#### Dataset excerpt
=== Section Start ===

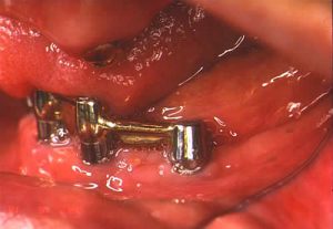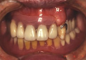 しかし、紹介の患者さんであったため、下顎前歯部にインプラントをいれることにした。そして、その上に義歯を装着した。(図5,6)
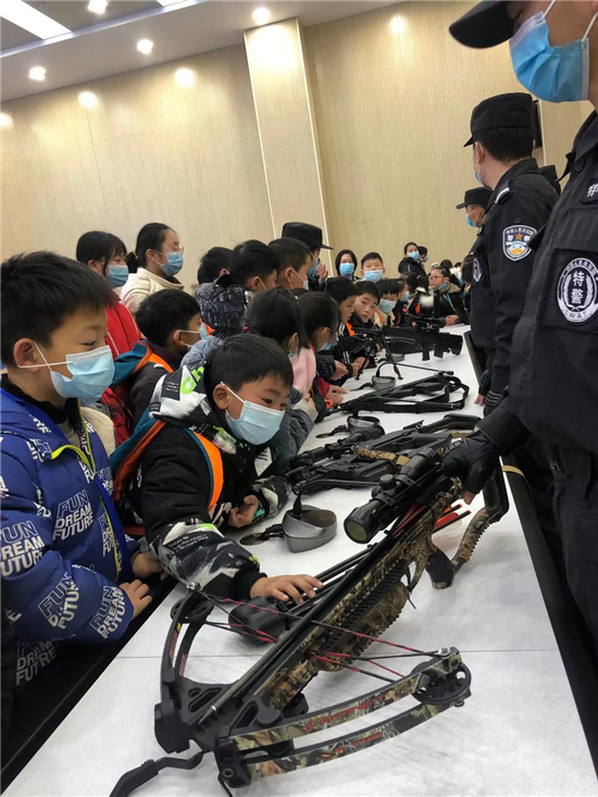 在指揮中心大廳,小記者們還有序參觀了現(xiàn)場展示的特殊警用裝備。除了手槍外,還有沖鋒槍、狙擊步槍、激光炫目槍和強(qiáng)力弓弩等。市公安局特警支隊(duì)民警向小記者們介紹了各種槍支及裝備的性能和使用方式,并邀請(qǐng)小記者觸摸一把警用槍械。
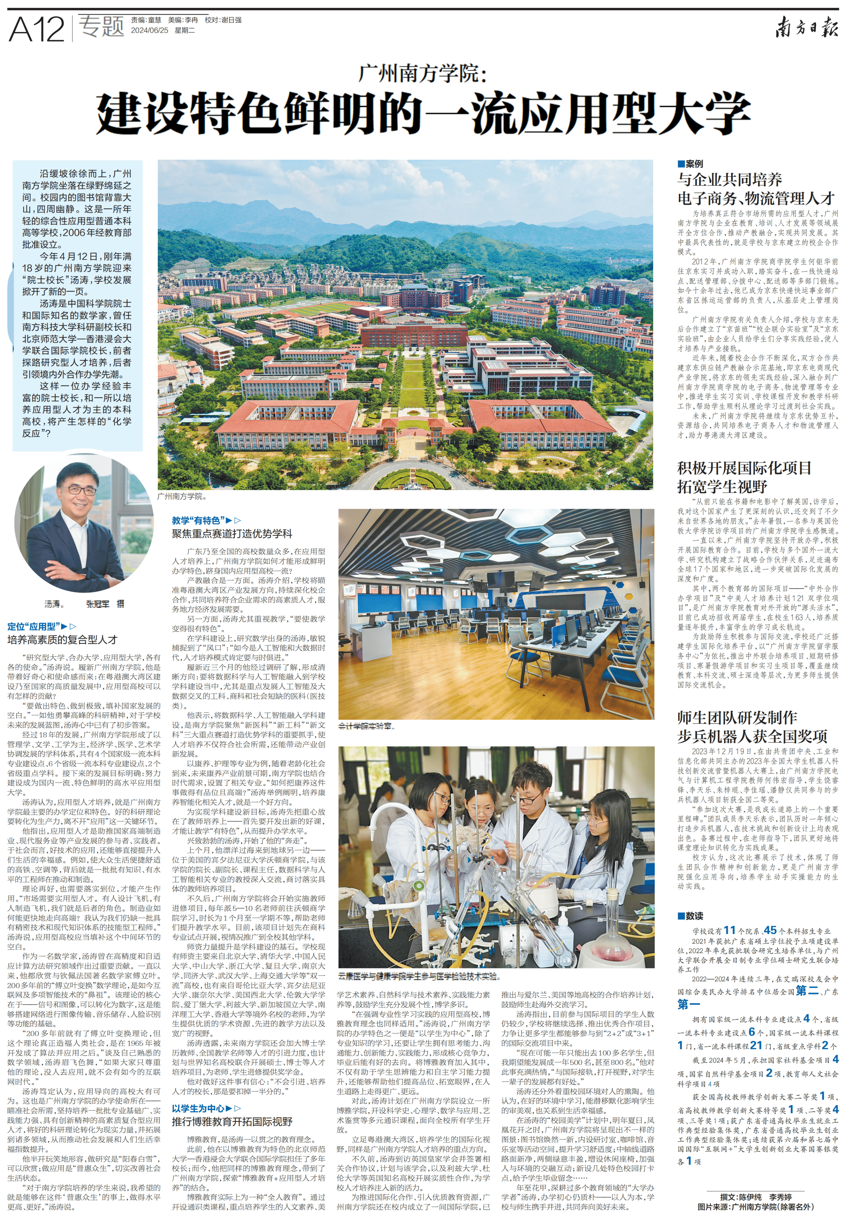 编者按: 近日,beat365正版唯一官网校长汤涛院士接受南方日报记者专访,深入阐述学校全面推进高质量发展,建设国内特色鲜明的一流应用型大学的思路举措。该报道于6月25日以专题形式全版刊出,以下全文转发。 沿缓坡徐徐而上,...

=== Section End ===

Omit the pictures, then output the rest of the listing exactly.

#### Task response
 しかし、紹介の患者さんであったため、下顎前歯部にインプラントをいれることにした。そして、その上に義歯を装着した。(図5,6)
 在指揮中心大廳,小記者們還有序參觀了現(xiàn)場展示的特殊警用裝備。除了手槍外,還有沖鋒槍、狙擊步槍、激光炫目槍和強(qiáng)力弓弩等。市公安局特警支隊(duì)民警向小記者們介紹了各種槍支及裝備的性能和使用方式,并邀請(qǐng)小記者觸摸一把警用槍械。
 编者按: 近日,beat365正版唯一官网校长汤涛院士接受南方日报记者专访,深入阐述学校全面推进高质量发展,建设国内特色鲜明的一流应用型大学的思路举措。该报道于6月25日以专题形式全版刊出,以下全文转发。 沿缓坡徐徐而上,...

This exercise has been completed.